Data extracts:

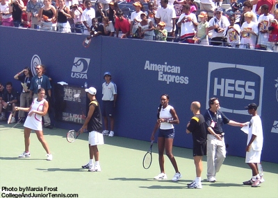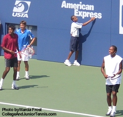 Today was the Ninth Annual Arthur Ashe Kids Day. Lots of money was raised, especially for the charity that was so important to Arthur Ashe -- the National Junior Tennis League (NJTL). Among those in today's show was fifteen year old Donald Young, a participant in that program who turned professional last fall. Though the stadium show did not draw as large a crowd as usual (tickets were actually handed out for no charge at the last minute), there was still a lot of excitement in the air as co-hosts JoAnna Garcia of the WB show Reba and MTV VJ Quddus led a presentation of tennis and music. Singers JoJo, Gavin DeGraw and Cherie performed their hits. Tennis exhibitions -- including the yearly American Express Challenge which raised money for the favorite charities of the players -- included Andy Roddick, Andre Agassi, James Blake, Serena & Venus Williams, Mike & Bob Bryan, Mardy Fish and Jennifer Capriati. Steffi Graf made a rare appearance and played a match with Olympic Skier Bode Miller. There was even a mixed doubles match between six of the tournament's wildcard entries. Future stars Rajeev Ram, Alex Kuznetsov and Donald Young faced off against up and coming players Amber Liu, Jessica Kirkland and Jamea Jackson. Admission was free throughout the grounds (the only charge was for the Stadium show) for sponsored activities such as Fidelity Temporary Tattoos, Hess Get Pumped Up, Z100 Party Patrol, NIKE GoTennis, Lincoln Navigate Your Shot, Barilla Challenge of Champions and Olypus Design To Win. Despite the lower attendance and some technical problems in the musical numbers, the show was still a hit with the audience and, most important, it raised money for some worthwhile causes. Hopefully this event will do even better next year.
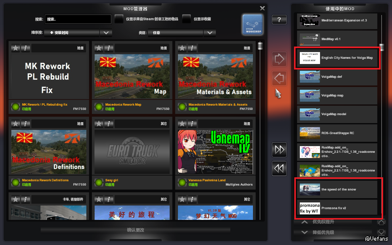 你红圈圈的几个mod,EAA那两个无所谓,只不过是南美的特种运输,上下的几个我看大部分是地名的英文化。就是把不知道什么语的地名给英语化的,也无所谓。有没有都行。还有个open border的,是以色列边境检查站的mod,也是有没有都无所谓。speed of snow,是毛子图开放空间的雪花速度的mod,更是有没有都无所谓。
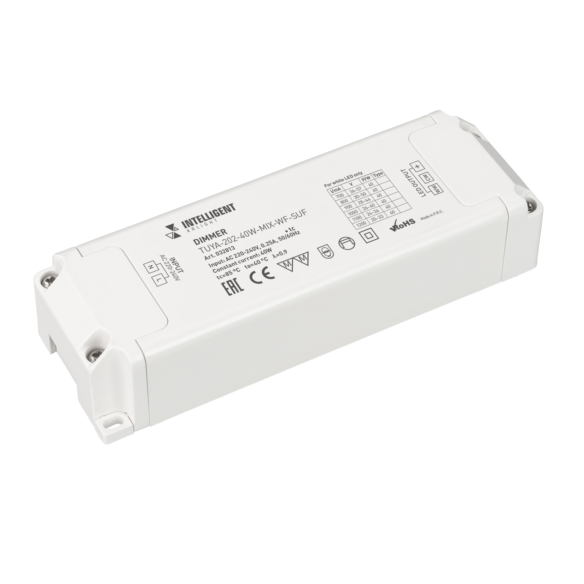 Диммер двухканальный, для светодиодных MIX (CCT, Tunable White) светильников. Выбор значения выходного тока осуществляется подстроечным резистором на плате. Вход 220-240V AC, PF>0.95 выход 700-1200mA@20-57V DC (в зависимости от вых. тока), мощность 40W. Низкий пусковой ток <5А@100mks. Защита от КЗ на выходе, перегрузки, перегрева. Управление через WI-FI 2.4ГГц, совместим с платформой TUYA, и АЛИСА от ЯНДЕКС. Поддерживается управление со смартфона через приложение INTELLIGENT ARLIGHT, доступного для ANDROID и IOS устройств в соответствующих сторах. Размеры 160х50х29 мм.
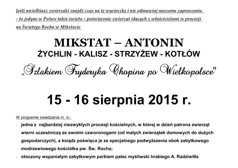 Jeśli uwielbiasz zwierzaki znajdź czas na tę wycieczkę i nie odmawiaj naszemu zaproszeniu - to jedyne w Polsce takie święto – poświęcenie zwierząt idących z właścicielami w procesji na Świętego Rocha w Mikstacie MIKSTAT – ANTONIN ŻYCHLIN - KALISZ - STRZYŻEW - KOTŁÓW „Szlakiem Fryderyka Chopina po Wielkopolsce” 15 - 16 sierpnia 2015 r. W programie zwiedzania m. in.: - jedna z najbardziej niezwykłych procesji kościelnych, w której w dzień patrona zwierząt wierni uczestniczą ze swoimi czworonogami (od małych zwierzątek domowych do dużych gospodarczych), a ksiądz poświęca je ze specjalnego podwyższenia obok zabytkowego modrzewiowego kościółka pw. Św. Rocha; - otoczony wspaniałym zabytkowym parkiem pałac myśliwski hrabiego A. Radziwiłła w Antoninie, w którym dwukrotnie gościł największy polski kompozytor, a obecnie corocznie organizowane są międzynarodowe konkursy pianistyczne „Chopin w barwach jesieni”; - klasycystyczny pałac Bronikowskich w Żychlinie z pomnikiem Fryderyka Chopina upamiętniającym jego pobyt; - pamiątki pobytu kompozytora u matki chrzestnej w Strzyżewie i na balu w Kaliszu; - jeden z najstarszych w Wielkopolsce romański kościół w Kotłowie - Sanktuarium Matki Boskiej – rozbudowany w niezwykle unikalny sposób w XIX wieku; - neobarokowy kościół pw. Św. Trójcy w Mikstacie ze stojącym przed nim zabytkowym wielofiguralnym drewnianym krzyżem, jedno z ostatnich zachowanych wolno stojących dzieł wybitnego wielkopolskiego rzeźbiarza ludowego – Pawła Brylińskiego. Wyjazd w sobotę o 8,00 z Placu Bankowego w Warszawie. Powrót w niedzielę ok. 21,00. Nocleg w luksusowym hotelu „Europa” w centrum Kalisza (pokoje 2-osobowe z pełnym węzłem sanitarnym). Koszt : 250.- zł. – (emeryci, dzieci, młodzież szkolna i studenci: 240.- zł.). Informacje i zapisy: u kierownika wycieczki - Marka Piaseckiego (tel. 603 404 213). Zapisy do wyczerpania miejsc, nie dłużej niż do środy 22 lipca
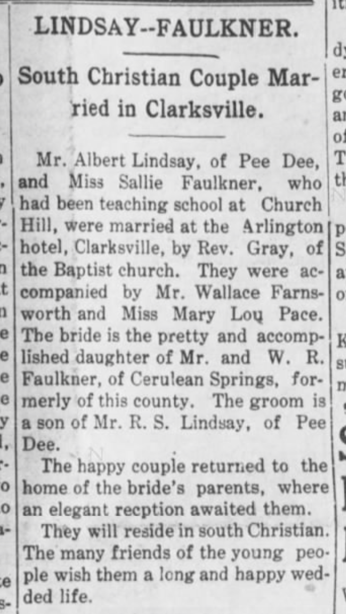 | Faulkner Lindsey | Sallie | 1908 | “Lindsay–Faulkner, South Christian Couple Married in Clarksville,” marriage announcement, Hopkinsville Kentuckian (Hopkinsville, Kentucky), 2 May 1908, p. 5, col. 4. |
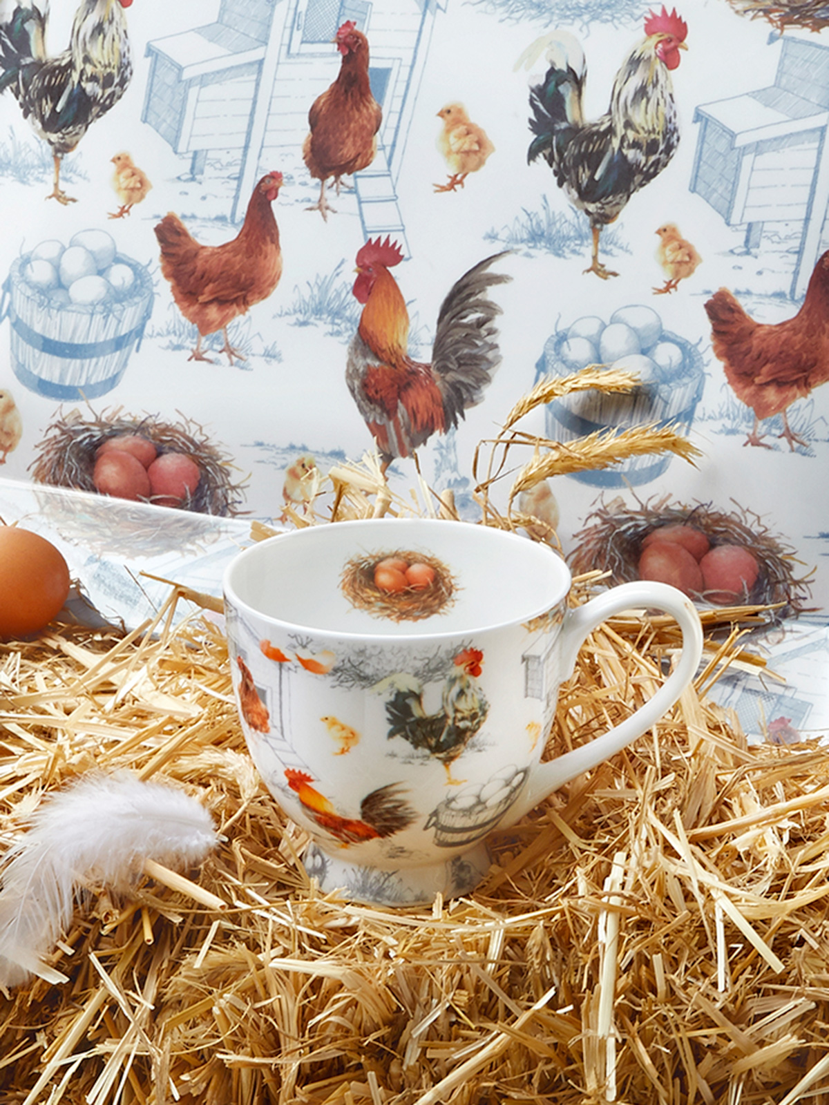 Der neue Lieblings-Becher schmiegt sich wunderbar in beide Hände! Mit stimmungsvollem Hühnerfarm-Motiv und Innendruck. Ideal geeignet für Heißgetränke. Fassungsvermögen: 500 ml. Material: Fine Bone China Porzellan. Mikrowellen- und spülmaschinengeeignet. Höhe: ca. 10 cm.

Exercise requirements: The records above must be echoed exactly, minus their pictures.

Exercise output:
 Today was the Ninth Annual Arthur Ashe Kids Day. Lots of money was raised, especially for the charity that was so important to Arthur Ashe -- the National Junior Tennis League (NJTL). Among those in today's show was fifteen year old Donald Young, a participant in that program who turned professional last fall. Though the stadium show did not draw as large a crowd as usual (tickets were actually handed out for no charge at the last minute), there was still a lot of excitement in the air as co-hosts JoAnna Garcia of the WB show Reba and MTV VJ Quddus led a presentation of tennis and music. Singers JoJo, Gavin DeGraw and Cherie performed their hits. Tennis exhibitions -- including the yearly American Express Challenge which raised money for the favorite charities of the players -- included Andy Roddick, Andre Agassi, James Blake, Serena & Venus Williams, Mike & Bob Bryan, Mardy Fish and Jennifer Capriati. Steffi Graf made a rare appearance and played a match with Olympic Skier Bode Miller. There was even a mixed doubles match between six of the tournament's wildcard entries. Future stars Rajeev Ram, Alex Kuznetsov and Donald Young faced off against up and coming players Amber Liu, Jessica Kirkland and Jamea Jackson. Admission was free throughout the grounds (the only charge was for the Stadium show) for sponsored activities such as Fidelity Temporary Tattoos, Hess Get Pumped Up, Z100 Party Patrol, NIKE GoTennis, Lincoln Navigate Your Shot, Barilla Challenge of Champions and Olypus Design To Win. Despite the lower attendance and some technical problems in the musical numbers, the show was still a hit with the audience and, most important, it raised money for some worthwhile causes. Hopefully this event will do even better next year.
 你红圈圈的几个mod,EAA那两个无所谓,只不过是南美的特种运输,上下的几个我看大部分是地名的英文化。就是把不知道什么语的地名给英语化的,也无所谓。有没有都行。还有个open border的,是以色列边境检查站的mod,也是有没有都无所谓。speed of snow,是毛子图开放空间的雪花速度的mod,更是有没有都无所谓。
 Диммер двухканальный, для светодиодных MIX (CCT, Tunable White) светильников. Выбор значения выходного тока осуществляется подстроечным резистором на плате. Вход 220-240V AC, PF>0.95 выход 700-1200mA@20-57V DC (в зависимости от вых. тока), мощность 40W. Низкий пусковой ток <5А@100mks. Защита от КЗ на выходе, перегрузки, перегрева. Управление через WI-FI 2.4ГГц, совместим с платформой TUYA, и АЛИСА от ЯНДЕКС. Поддерживается управление со смартфона через приложение INTELLIGENT ARLIGHT, доступного для ANDROID и IOS устройств в соответствующих сторах. Размеры 160х50х29 мм.
 Jeśli uwielbiasz zwierzaki znajdź czas na tę wycieczkę i nie odmawiaj naszemu zaproszeniu - to jedyne w Polsce takie święto – poświęcenie zwierząt idących z właścicielami w procesji na Świętego Rocha w Mikstacie MIKSTAT – ANTONIN ŻYCHLIN - KALISZ - STRZYŻEW - KOTŁÓW „Szlakiem Fryderyka Chopina po Wielkopolsce” 15 - 16 sierpnia 2015 r. W programie zwiedzania m. in.: - jedna z najbardziej niezwykłych procesji kościelnych, w której w dzień patrona zwierząt wierni uczestniczą ze swoimi czworonogami (od małych zwierzątek domowych do dużych gospodarczych), a ksiądz poświęca je ze specjalnego podwyższenia obok zabytkowego modrzewiowego kościółka pw. Św. Rocha; - otoczony wspaniałym zabytkowym parkiem pałac myśliwski hrabiego A. Radziwiłła w Antoninie, w którym dwukrotnie gościł największy polski kompozytor, a obecnie corocznie organizowane są międzynarodowe konkursy pianistyczne „Chopin w barwach jesieni”; - klasycystyczny pałac Bronikowskich w Żychlinie z pomnikiem Fryderyka Chopina upamiętniającym jego pobyt; - pamiątki pobytu kompozytora u matki chrzestnej w Strzyżewie i na balu w Kaliszu; - jeden z najstarszych w Wielkopolsce romański kościół w Kotłowie - Sanktuarium Matki Boskiej – rozbudowany w niezwykle unikalny sposób w XIX wieku; - neobarokowy kościół pw. Św. Trójcy w Mikstacie ze stojącym przed nim zabytkowym wielofiguralnym drewnianym krzyżem, jedno z ostatnich zachowanych wolno stojących dzieł wybitnego wielkopolskiego rzeźbiarza ludowego – Pawła Brylińskiego. Wyjazd w sobotę o 8,00 z Placu Bankowego w Warszawie. Powrót w niedzielę ok. 21,00. Nocleg w luksusowym hotelu „Europa” w centrum Kalisza (pokoje 2-osobowe z pełnym węzłem sanitarnym). Koszt : 250.- zł. – (emeryci, dzieci, młodzież szkolna i studenci: 240.- zł.). Informacje i zapisy: u kierownika wycieczki - Marka Piaseckiego (tel. 603 404 213). Zapisy do wyczerpania miejsc, nie dłużej niż do środy 22 lipca
 | Faulkner Lindsey | Sallie | 1908 | “Lindsay–Faulkner, South Christian Couple Married in Clarksville,” marriage announcement, Hopkinsville Kentuckian (Hopkinsville, Kentucky), 2 May 1908, p. 5, col. 4. |
 Der neue Lieblings-Becher schmiegt sich wunderbar in beide Hände! Mit stimmungsvollem Hühnerfarm-Motiv und Innendruck. Ideal geeignet für Heißgetränke. Fassungsvermögen: 500 ml. Material: Fine Bone China Porzellan. Mikrowellen- und spülmaschinengeeignet. Höhe: ca. 10 cm.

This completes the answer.